Mike is a family man
He loves his little kids and tries to spend as much time with them as his job allows. Mike is part of an IT operations team at a large financial IT service provider. One of his responsibilities is being on-call. He shares with 3 other team members so, effectively he has to cover once every four weeks. This cuts into his family time as it means dealing with major and critical issues after business hours. His IT department team has set up email group notifications from their monitoring tools. But there are multiple issues with this. First of all – in the middle of the night an email notification easily goes unnoticed. That short “beep” on his cell phone is simply not enough to wake him up. Even if he would change that ringtone to make it more persistent, he would simply get too many alerts that are irrelevant. And being woken up for something that turns out to belong to a different team or different area of expertise is no fun. When on call, Mike has to constantly check his cell phone for new email alerts. There is always that fear of missing something important which makes him edgy. That is quite frankly a pain and totally disrupts his family life.

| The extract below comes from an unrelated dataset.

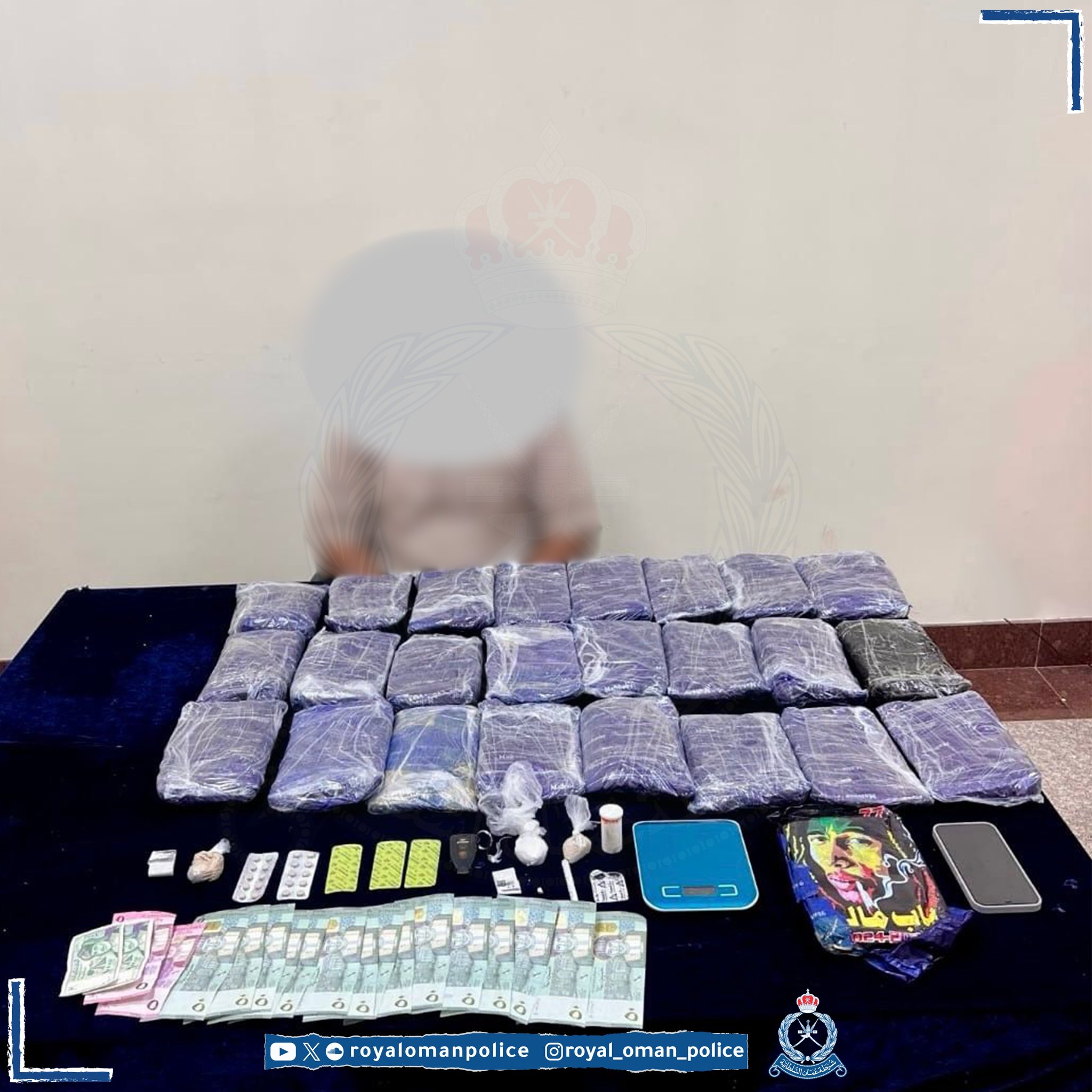 ضبطت إدارة مكافحة المخدرات والمؤثرات العقلية بقيادة شرطة محافظة مسندم شخصًا لحيازته كميات مختلفة من مخدر الحشيش والهيروين والكريستال وأقراص من المؤثرات العقلية، وتستكمل الإجراءات القانونية.

Mike did get this one Alert
Last week they had a major incident. What a nightmare! Especially as he was only covering for his colleague Peter who had his first date in 6 months! By early evening hundreds of alert emails had already piled up in his Ops inbox. Somebody had forgotten to switch on a maintenance window in the monitoring tool. To make matters worse, his son had a bad fever that night and his wife was away with his little daughter. So, he was literally jumping back and forth between his son’s bed, the kitchen, his cell phone and his PC. At 12am he fell asleep, totally exhausted. Still pretty tired, he woke up at 6:30 and tried to dig through all those new maintenance-related alert emails in his inbox. All looked relatively OK to him but he was a little suspicious. When he checked again he stumbled across one email that pointed towards a potential critical issue. Under normal circumstances, he should have received a text alert on this critical issue, but apparently that had not been sent this time. Their text alerts weren’t really very reliable. Plus, the issue was clearly related to the database. And of course, there was a database team with at least one person on-call 24×7. Mike was sure that it was not his team’s issue. Unfortunately, there was no tracking or confirmation option with their email notifications. He wanted to call that one guy he knew on the database team, in order to cross-check. But then his son woke up crying and he had to take care of him first.

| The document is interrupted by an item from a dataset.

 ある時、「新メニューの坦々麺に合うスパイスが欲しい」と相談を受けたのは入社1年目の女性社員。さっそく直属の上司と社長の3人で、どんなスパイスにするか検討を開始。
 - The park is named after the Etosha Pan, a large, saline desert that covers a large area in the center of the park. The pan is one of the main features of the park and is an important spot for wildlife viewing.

Then his boss Ralph called
Man, he was simply furious. Mike’s ear was burning. Mike tried to explain the situation, the missing text, his evaluation of the issue belonging to the database team. Ralph was not satisfied, shouted at him over and, over again and finally hung up. Mike felt with him, he was under enormous pressure and this incident really was a very severe one which affected hundreds of customers. On top of that he could not really do anything about it because his son needed him this morning.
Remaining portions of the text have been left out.